Gill was a suppression firefighter who was terminated at age 60 pursuant to a mandatory retirement provision in the collective agreement between the Hamilton Professional Firefighters’ Association (the “Association”) and the City of Hamilton. Gill brought an application pursuant to section 5 of the Human Rights Code, RSO 1990, c H 19 (the “Code”) alleging that the provision was discriminatory on the basis of age.

The Association filed a response and a Request for Summary Hearing arguing that there was no basis upon which the Tribunal could find an infringement of section 5 of the Code based on its reasoning in Espey v London (City), 2008 HRTO 412 (CanLII) fourteen months before Gill’s retirement. In Espey, the Tribunal concluded that a mandatory retirement provision for suppression firefighters prima facie violated section 5 of the Code, however the provision was justified as being a bona fide occupational requirement pursuant to the test laid out by the Supreme Court of Canada in British Columbia (Public Service Employee Relations Commission) v BCGSEU, [1999] 3 SCR 3 (“Meiorin”). The Tribunal in Espey heard expert evidence that the risk of cardiac events increases with age and there was a high rate of cardiovascular deaths among firefighters on the job. The Tribunal concluded that the mandatory retirement provision was reasonably necessary to serve the health and safety goals of the municipality and that accommodating individual firefighters over the age of 60 would cause the municipality undue hardship. As such, the complaint of GIll would not be heard on the merits, as there was no reasonable prospect of success in light of the Tribunal’s previous findings on identical facts.

On judicial review of the Tribunal’s reasoning, the Ontario Divisional Court held that the Tribunal acted reasonably by adhering to their previous decision in Espey and declining to hear the Gill case. While Gill was entitled to present novel evidence, the Tribunal reasonably concluded that such evidence would be unpersuasive and provided no basis for re-litigating the findings in Espey.

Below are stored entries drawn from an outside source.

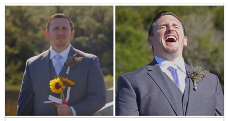 Когда оператор попросил жениха отвернуться, чтобы тот не видел приближение невесты, случилось нечто фантастическое! Когда парню разрешили повернуть свой взор к избраннице, он буквально поднимал челюсть с пола. Скажу вам лишь, что я хохотала и плакала одновременно. Чувству юмора невесты остается лишь позавидовать. Кажется, у этих ребят всё будет замечательно!
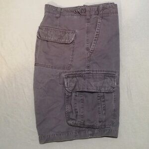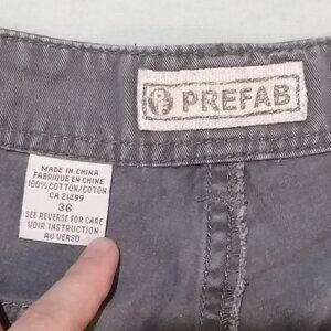 This listing is for a pair of men's cargo shorts made by Prefab. These shorts feature a tab on the waist that gives them a bit of adjustability. They are in good used condition. 100% cotton. Size 36.
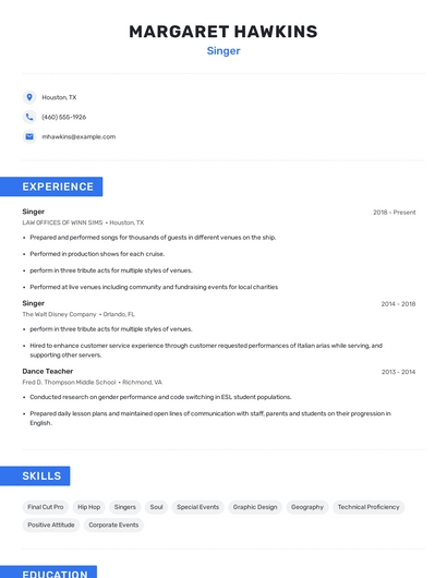 Build a professional singer resume in minutes. Browse through our resume examples to identify the best way to word your resume. Then choose from 5+ resume templates to create your singer resume.

This decision illustrates a possible strategy for respondents to have complaints dismissed prior to hearing where they have no reasonable prospect of success.  The Tribunal is not obligated to hear each application on a case-by-case basis and can summarily dismiss complaints in the name of efficiency and coherence where a hearing would be redundant. This can occur where a complaint is not within the scope of the Code or where, as in the Gill case, the facts of the complaint will inevitably lead to dismissal if the matter goes to hearing. While this result will only come about in the clearest of cases, it may be a worthwhile strategy to avoid the time and expense of hearing where it is evident that the substance of a complaint is unsupportable in law.